In the event a targeted cell receptor is a unique receptor that is not naturally internalized, that receptor is nonetheless suitable as a target by incorporating an internalization moiety such as an arginine-rich membrane permeable peptide within the ligand or attaching to the ligand such as an arginine-rich membrane permeable peptide, pentratin, or transportan as detailed in U.S. Pat. No. 6,692,935 B1 or U.S. Pat. No. 6,294,353 B1. This is readily accomplished using established plasmid technology (Caron et al. 2004; He et al. 2004). Alternatively, the use of MorphoSys' commercial trinucleotide mutagenesis technology allows the synthesis of a membrane-permeable arginine-rich peptide at a single position of the variable region, as detailed in U.S. Pat. No. 6,692,935 B1 or U.S. Pat. No. 6,294,353 B1. The MorphoSys system joins an antigen-non-specific Fab fragment containing a membrane-permeable arginine-rich peptide to an engineered Fab fragment with a variable region specific for the cell surface receptor in order to provide for the cell specific targeting of the dsRNA. These Fab fragments are joined by a helix-turn-helix region. Alternatively, the membrane-permeable arginine-rich peptide is incorporated into the antigen-specific Fab immunoglobulin fragment to yield a bivalent antigen specific molecule produced (Anderson D C 1993). The membrane-permeable arginine-rich peptide is optionally also attached to another portion of the immunoglobulin molecule (Mie M et al. 2003; U.S. Pat. No. 6,692,935 B1; U.S. Pat. No. 6,294,353 B1). Similarly, pentratin or transportan is attached to or incorporated within any ligand portion of the molecule with the proviso that ligand-receptor binding is maintained. In each situation, the ligand containing the membrane-permeable arginine-rich peptide, pentratin, or transportan serves to carry the dsRNA into the targeted cell.

Arginine-rich peptides which are internalized after contact with the cell membrane have been shown to transport covalently coupled proteins into cells (Peitz M et al. 2002, Jo et al. 2001). Examples of such internalization moieties illustratively include: membrane-permeable arginine-rich peptides, pentratin, transportan and its deletion analogs.

GRKKRRQRRRPPQ       (TAT 48-60) (SEQ ID NO. 1)
GRRRRRRRRRPPQ       (R9-TAT) (SEQ ID NO. 2)
TRQARRNRRRRWRERQR   (HIV-1 Rev 34-50) (SEQ ID NO. 3)
RRRRNRTRRNRRRVR     (FHV coat 35-49) (SEQ ID NO. 4)
KMTRAQRRAAARRNRWTAR (BMVgag7-25) (SEQ ID NO. 5)
TRRQRTRRARRNR       (HTLV-II Rex 4-16) (SEQ ID NO. 6)

Other membrane-permeable peptides are pentratin and transportan,

RQIKIWFQNRRMKWKK           (Atennapedia 43-58-pentratin) (SEQ ID NO. 7)
LIKKALAALAKLNIKLLYGASNLTWG (transportan) (Muratovska and Eccles 2004) (SEQ ID NO. 8).
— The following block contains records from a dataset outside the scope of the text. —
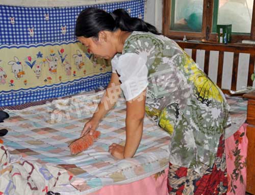 趁我们说话的时候,石女士已经在屋里手脚麻利的收拾床铺,整理收拾头发了。石女士不好意思的说,最近几天忙着收拾房子,家里也没时间收拾,太乱了。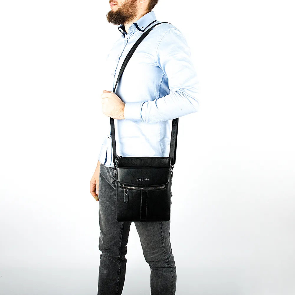 "Сумка-планшет от торговой марки Poshete выполнен из искусственной мягкой кожи в чёрном цвете. Модель вертикальной ориентации, со съемным регулируемым плечевым ремнем, выполненным из текстильного материала. Закрывается молнией. Внутри: фирменная подкладка, пять отсеков, в одном из которых – карман на молнии, в другом – накладной карман. На лицевой стороне – карман на молнии, вместительный карман с клапаном на двух скрытых магнитах; внутри: накладные карманы для карт. На задней стороне – карман на молнии.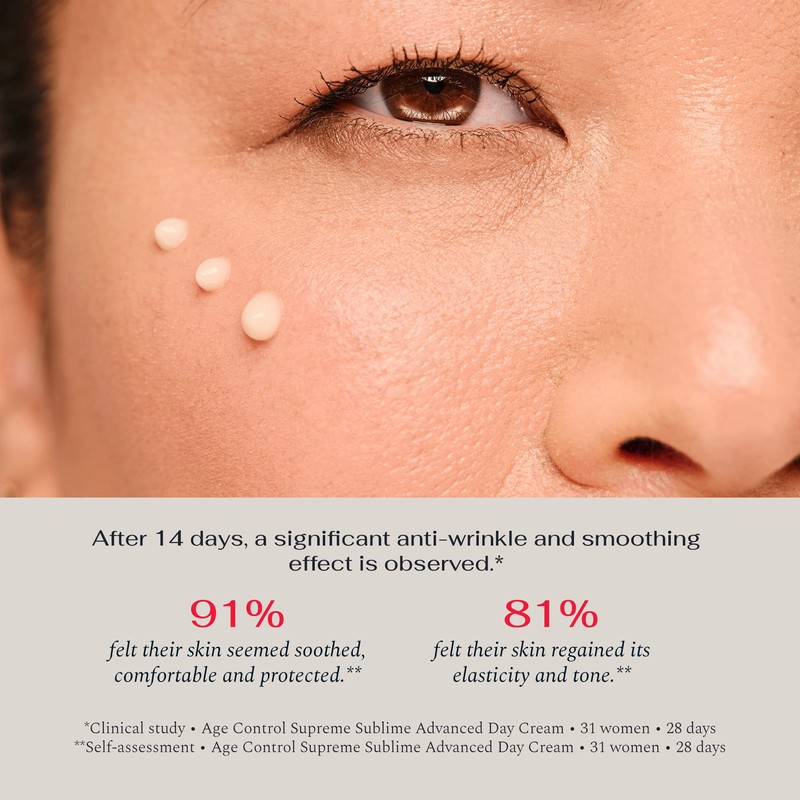 - RESULTS: After 14 days, a significant anti-wrinkle and smoothing effect is observed.* After 14 days,** 93% felt an instant sensation of comfort and suppleness upon application. 91% felt their skin seemed soothed, comfortable and protected. 81% felt their skin regained its elasticity and tone. After 28 days,** 87% felt their skin appeared visibly smoother. 8 in 10 women felt their skin was visibly more radiant. *Clinical study, Age Control Supreme Sublime Advanced Day Cream, 31 women, 28 days. **Self-assessment, Age Control Supreme Sublime Advanced Day Cream, 31 women, 28 days.

Alternative amino acid composition for transportan and its deletion analogs which maintain membrane transduction properties (Soomets et al. 2000):

GWTLNSAGYLLGKINLKALAALAKKIL (transportan) (SEQ ID NO. 9)
LNSAGYLLGKINLKALAALAKKIL    (transportan7) (SEQ ID NO. 10)
GWTLNSAGYLLGKLKALAALAKKIL   (transportan9) (SEQ ID NO. 11)
AGYLLGKINLKALAALAKKIL       (transportan10) (SEQ ID NO. 12)
LNSAGYLLGKLKALAALAKKIL      (transportan12) (SEQ ID NO. 13)
AGYLLGKLKALAALAKKIL         (transportan14) (SEQ ID NO. 14)

TAT=HIV-1 transactivator of transcription; FHV=flock house virus; BMV=brome mosaic virus.
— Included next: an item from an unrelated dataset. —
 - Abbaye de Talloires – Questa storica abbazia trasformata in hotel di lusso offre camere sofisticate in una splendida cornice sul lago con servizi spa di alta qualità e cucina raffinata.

Preferably, the internalization moiety is coupled to or incorporated into an immunoglobulin ligand which is bonded to an inventive dsRNA, or short hairpin RNA serving as a substrates for enzymatic production of siRNA.
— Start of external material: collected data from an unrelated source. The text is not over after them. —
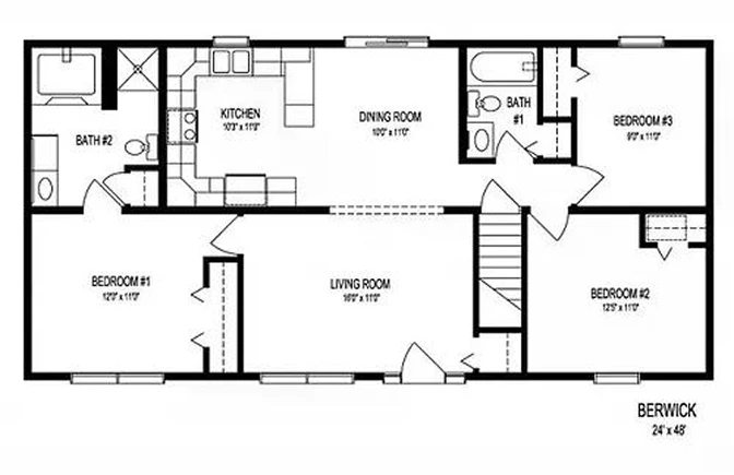 The Berwick is a classic ranch home that combines a timeless exterior with a highly functional, family-friendly layout. This 1,152 sq. ft. plan provides all the convenience of single-story living with three large bedrooms and two full bathrooms. The home features a spacious kitchen, defined living and dining areas, and a full-width covered front porch that creates wonderful curb appeal. For those seeking a traditional and practical home, The Berwick is an outstanding choice.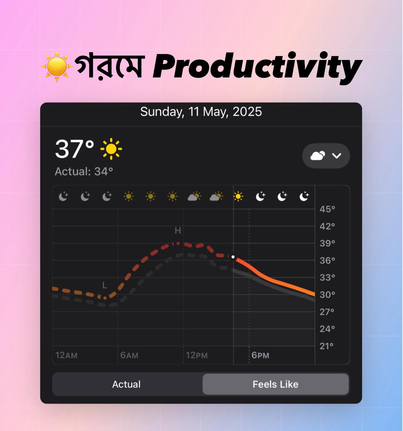 দুপুর ১টা থেকে ৪টা: সবচেয়ে গরম সময়। এই সময় কাজ করার চেষ্টা করলে Productivity কমে যায়।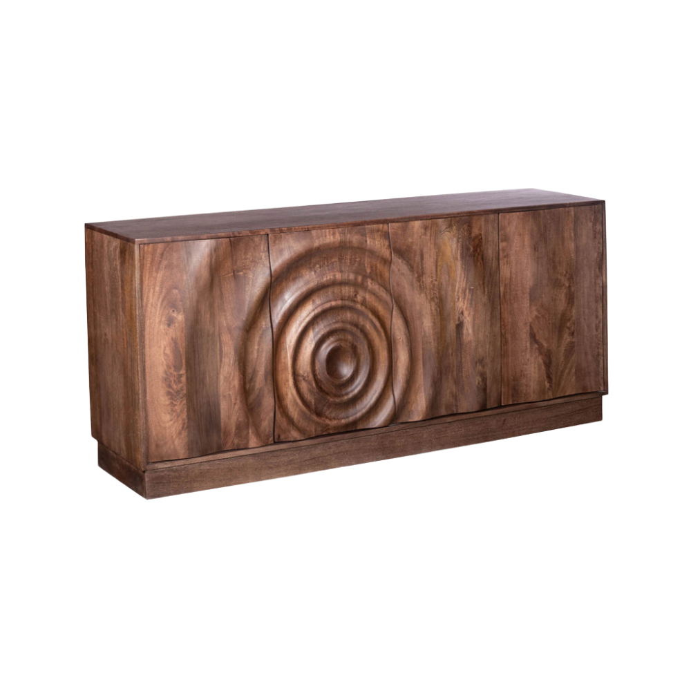 Presentamos el aparador Caracol: una obra maestra de artesanía y elegancia, elaborado meticulosamente en madera maciza de mango y presentado en un lujoso acabado marrón liso. Realce su espacio interior con este exquisito aparador que combina a la perfección, funcionalidad y estilo artístico.

Receptor-binding immunoglobulins are obtained using hybridoma technology. Fab and (Fab′)² fragments are prepared from such immunoglobulins by papain and pepsin hydrolysis, respectively (Stura et al. 1993). The resulting molecules are purified using standard biochemical methods.

DsRNA with siRNA sequences that are complementary to the nucleotide sequence of the target gene are prepared. The siRNA nucleotide sequence is obtained from the siRNA Selection Program, Whitehead Institute for Biomedical Research, Massachusetts Institute of Technology, Cambridge, Mass. (http://jura.wi.mit.edu) after supplying the Accession Number or GI number from the National Center for Biotechnology Information website (www.ncbi.nlm.nih.gov). The Genome Database (www.gdb.org) provides the nucleic acid sequence link which is used as the National Center for Biotechnology Information accession number. Preparation of RNA to order is commercially available (Ambion Inc., Austin, Tex.; GenoMechanix, LLC, Gainesville, Fla.; and others). Determination of the appropriate sequences would be accomplished using the USPHS, NIH genetic sequence data bank. Alternatively, dsRNA containing appropriate siRNA sequences is ascertained using the strategy of Miyagishi and Taira (2003). DsRNA may be up to 800 base pairs long (Diallo M et al. 2003). The dsRNA optionally has a short hairpin structure (US Patent Application Publication 2004/0058886). Commercially available RNAi designer algorithms also exist (http://rnaidesigner.invitrogen.com/rnaiexpress/).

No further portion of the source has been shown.